Blue s'assit sans qu'il le lui demande.
Elle croisa les jambes sous la table, laissant entrevoir la peau blanche de sa cuisse.

— Vous êtes bien plus belle que dans mes souvenirs, murmura-t-il.

— Car les souvenirs mentent, répondit-elle sans ciller.

Kazuo eut un petit rire, il aimait ça.

Les hommes adoraient que les femmes leur donnent l'illusion du contrôle, et Blue savait que survivre dans ce monde passait par une seule règle : toujours laisser les autres croire qu'ils avaient gagné.

Elle sentit les doigts de l'homme glisser lentement sur la tige fine de sa coupe de cristal.

— Il paraît que la guerre approche, souffla Kazuo.

Blue redressa légèrement le menton.

— Il paraît.

— Et vous, dans quelle guerre êtes-vous prête à vous battre ?

Un frisson glissa le long de sa colonne vertébrale. Ce n'était pas une question innocente. Les hommes comme Kazuo ne posaient jamais de questions sans déjà en connaître la réponse.

Elle fit tourner son verre entre ses doigts, sans jamais détourner les yeux, mais son cœur battait lentement, bien trop lentement, comme si son corps avait appris depuis longtemps à étouffer la peur.

— Eh bien, je ne suis qu'une femme. Je ne me bats que dans les draps.

Son sourire s'étira comme une ombre.

— Voulez-vous vous battre avec moi ?

Blue savait d'avance qu'ils allaient se battre.
Elle le voyait dans ses yeux.

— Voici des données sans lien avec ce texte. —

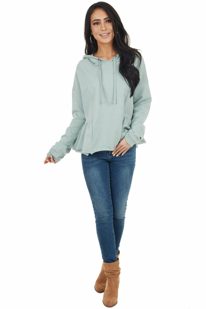 - Sage Hooded Top with Drawstrings and Peplum Detail

Cet homme était trop riche pour ne pas se battre avec elle.

— Si vous m'en faites l'honneur.

Il lui prit alors la main, et les deux montèrent à l'étage.

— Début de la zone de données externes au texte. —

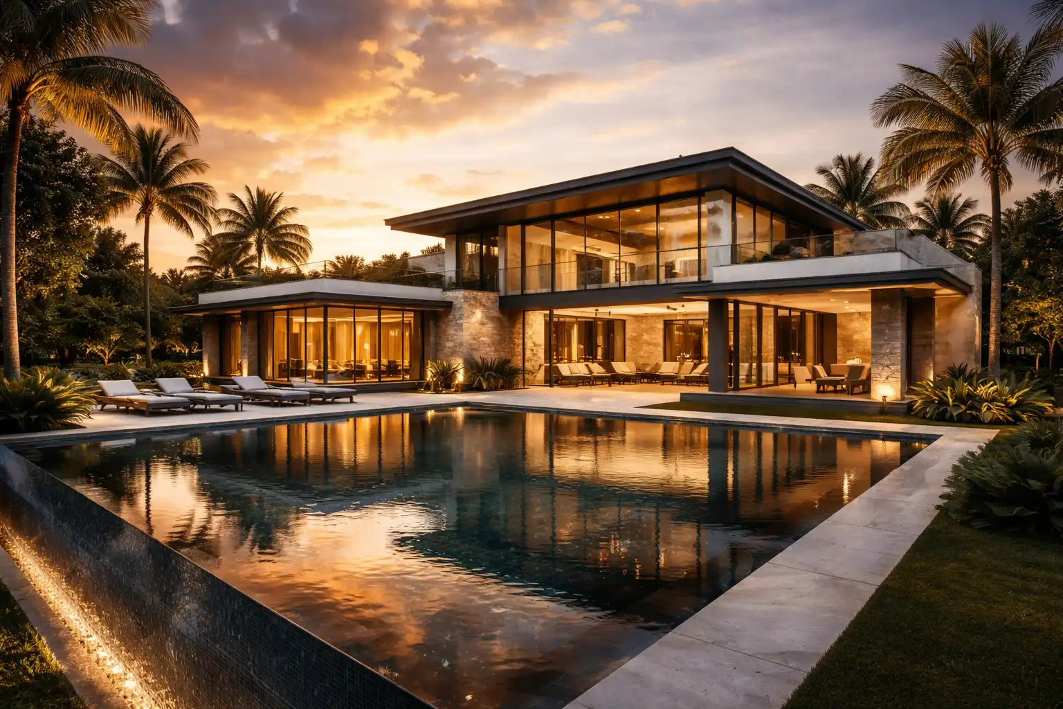 Prompt: A cinematic exterior shot of a modern luxury villa with clean architectural lines, large glass panels, and an open-plan design. The villa is surrounded by lush tropical landscaping with palm trees and perfectly manicured lawns. An infinity pool reflects the warm golden hues of sunset, creating a mirror-like effect. Soft outdoor lighting highlights the structure and textures of stone and wood materials. Shot during golden hour with dramatic sky, ultra-realistic lighting, 8K resolution, wide-angle lens, real estate photography style, high contrast, detailed reflections, photorealistic finish.

La vieille Madame Yi les observa de loin, sachant bien que Blue allait lui donner une nuit qu'il n'était pas près d'oublier.

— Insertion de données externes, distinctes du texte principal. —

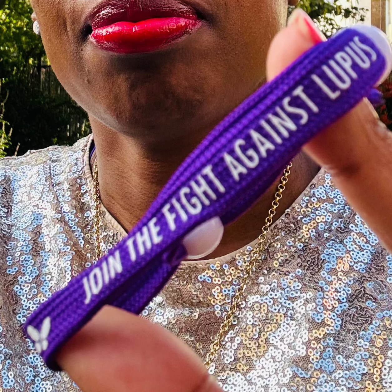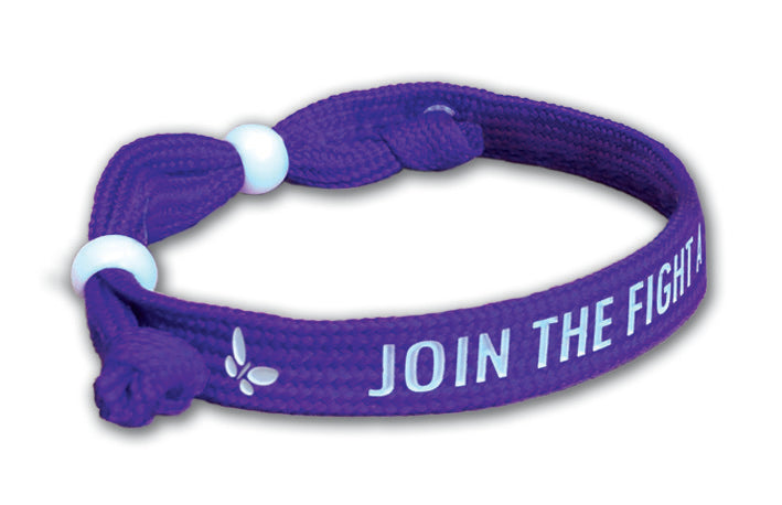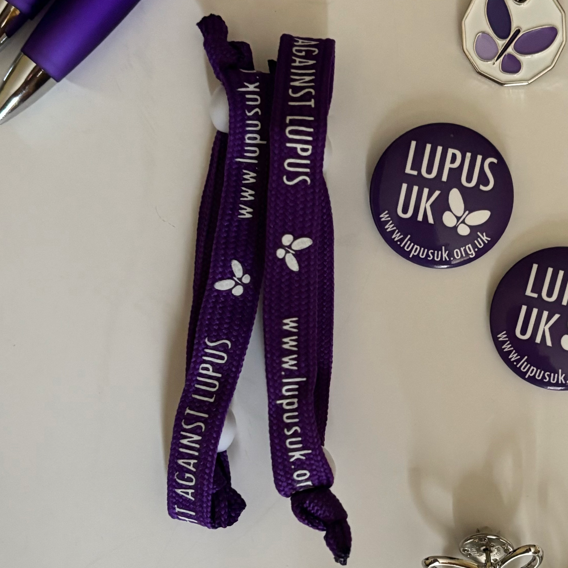 Purple wristband with white print reading 'Join the Fight Against Lupus' and along with the Lupus UK website address.

Dans la chambre, il la déshabilla sauvagement, l'embrassa sans passion et la toucha comme on touche une chose que l'on possède déjà.

En vérité Blue n'appartenait à personne, mais cette nuit-là, elle savait qu'elle devait lui appartenir. Alors, dans cet élan de violence, elle se laissa aller, simulant le même plaisir que l'homme au-dessus d'elle.

La nuit s'étirait, épaisse et languissante, tandis que des rumeurs s'infiltraient à travers les murs de la maison close. On parlait d'un homme revenu d'entre les ombres — fort et impitoyable.
Le genre dont, seul le regard suffisait à vous trancher la gorge.

Certains disaient que si il foulait de nouveau cette ville... c'était que bientôt, une tête allait tomber.